The present case study trialed the safety and clinical efficacy of PDMSCs hydrogel in the treatment of DFU. To the best of our knowledge, this is the first time globally that PDMSCs hydrogel has been applied to treat DFU. We observed that PDMSCs hydrogel markedly decreased the wound size, shortened the duration of wound healing, increased granulation-tissue formation, and succeeded in avoiding lower extremity amputation in the DFU patient.

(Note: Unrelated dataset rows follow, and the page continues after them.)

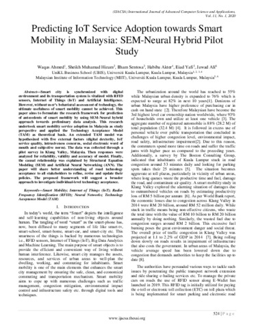 Predicting IoT Service Adoption towards Smart Mobility in Malaysia: SEM-Neural Hybrid Pilot Study.
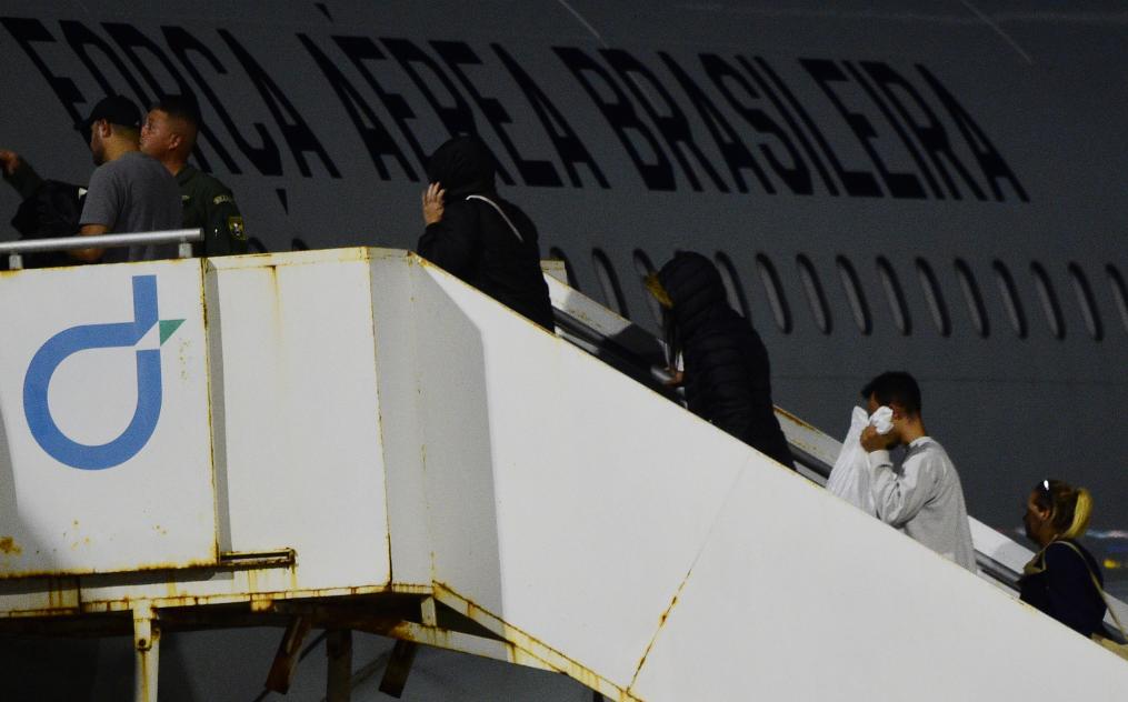2月7日,在巴西东北部塞阿拉州福塔莱萨市,被美国驱逐出境的第二批巴西非法移民登上一架巴西空军飞机。新华社发(卢西奥·塔沃拉摄)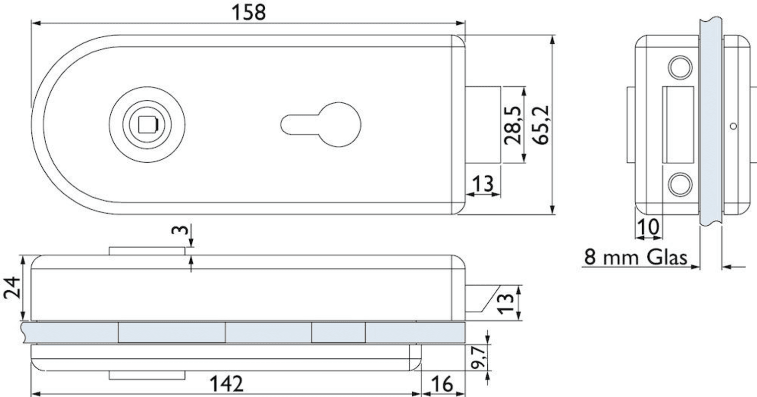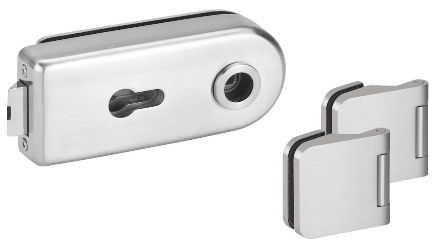 Glastür-Schlosskasten 6763 L PZ - BASIC Round, PZ gelocht, inkl. Bandpaar 6315-20, Oberfl. 20 (Edelstahlfarben)

The healing process was supported by cultured PDMSCs hydrogel complex that is capable of promoting neovascularization, differentiating into a variety of cell types, and releasing growth factors. Kong et al^[12] elucidated the possible mechanism of PDMSCs in the treatment of DFU. On the one hand, PMSCs through increasing angiogenesis and collagen accumulation in the ulcer tissue promote wound healing, while on the other hand, PMSCs could secrete numerous proangiogenic molecules, including VEGF, HGF, bFGF, TGF-β, and IGF-1 at levels that are bioactive. Above all, the efficacy of PMSCs may be attributed to vascular regeneration and paracrine mechanisms.

4. Conclusion

This case study demonstrated that the PDMSCs hydrogel may provide a new method for DFU treatment, but further studies with larger patient numbers are still required.